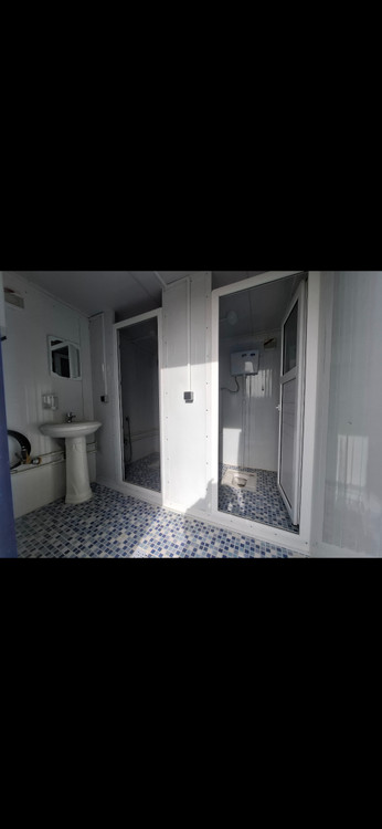 کانکس دوچشمه سرویس و حمام راهرودار می باشد ، دارای تجهیزات کامل شامل آینه جامایع برق کشی لوله کشی سرد و گرم
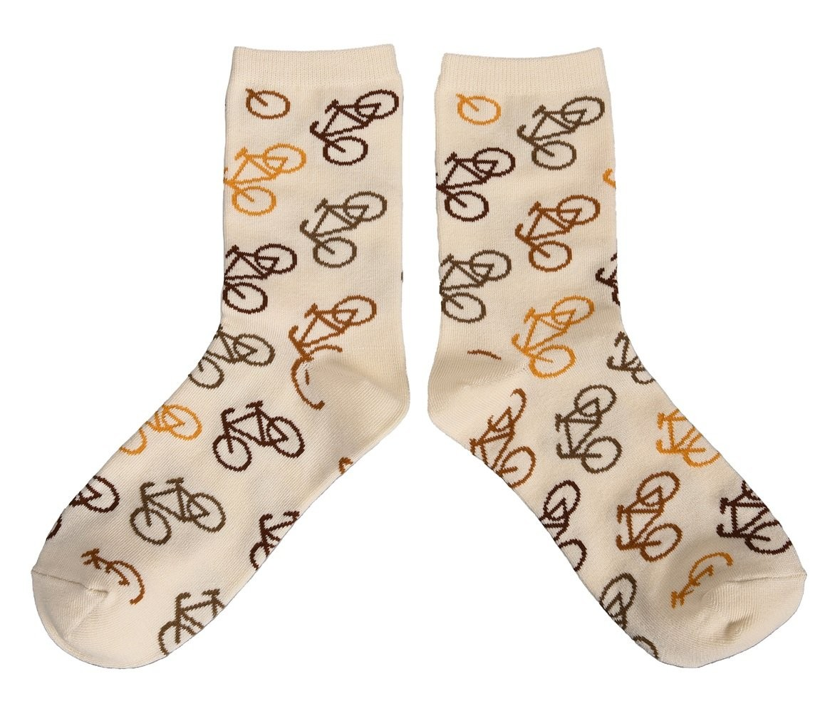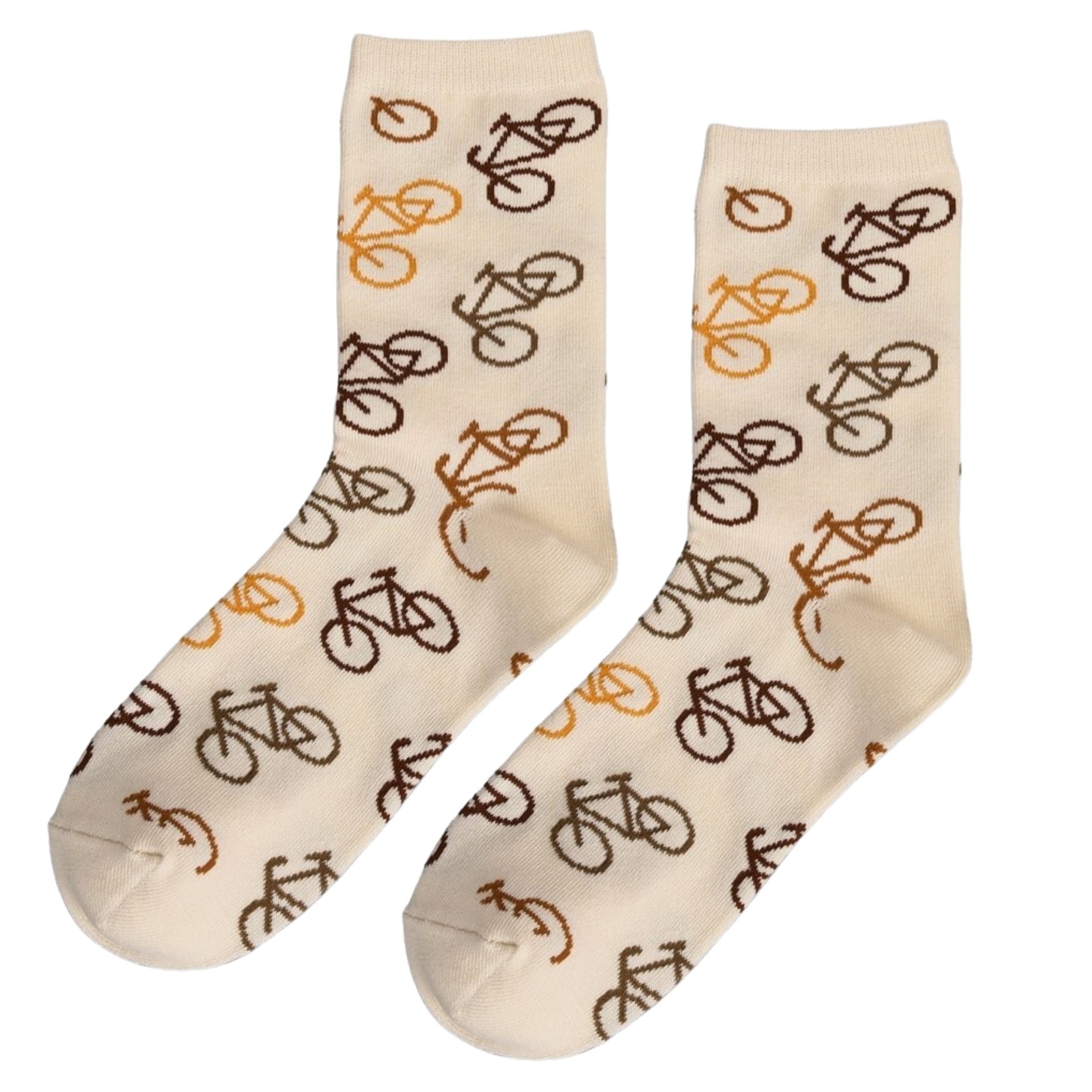 Trendy doch klassieke beige sokken met fietsen in bruin en oker fietsen
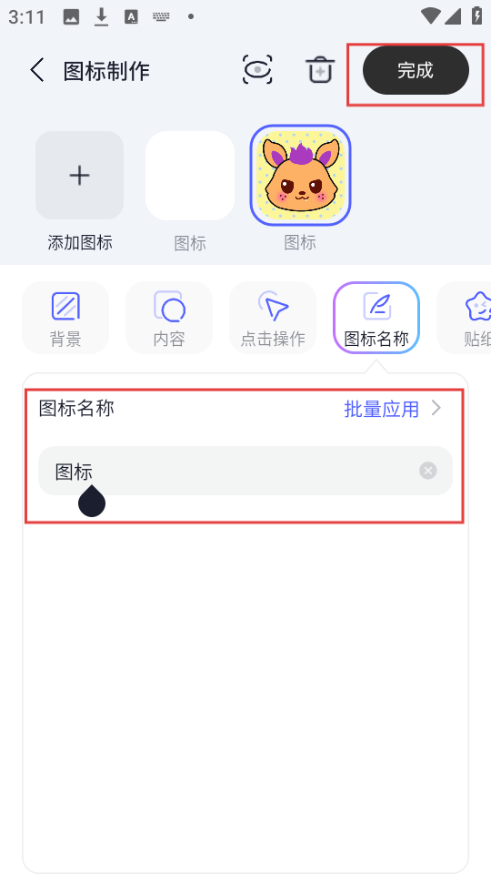 4、图标背景和内容都设置好后,还能设置图标名称,最后点击【完成】按钮,就制作好图标啦。

◆ **EXERCISE DETAILS**
Print every line above once more, exactly. Omit the pictures.

◆ **TASK RESULT**
 کانکس دوچشمه سرویس و حمام راهرودار می باشد ، دارای تجهیزات کامل شامل آینه جامایع برق کشی لوله کشی سرد و گرم
 Trendy doch klassieke beige sokken met fietsen in bruin en oker fietsen
 4、图标背景和内容都设置好后,还能设置图标名称,最后点击【完成】按钮,就制作好图标啦。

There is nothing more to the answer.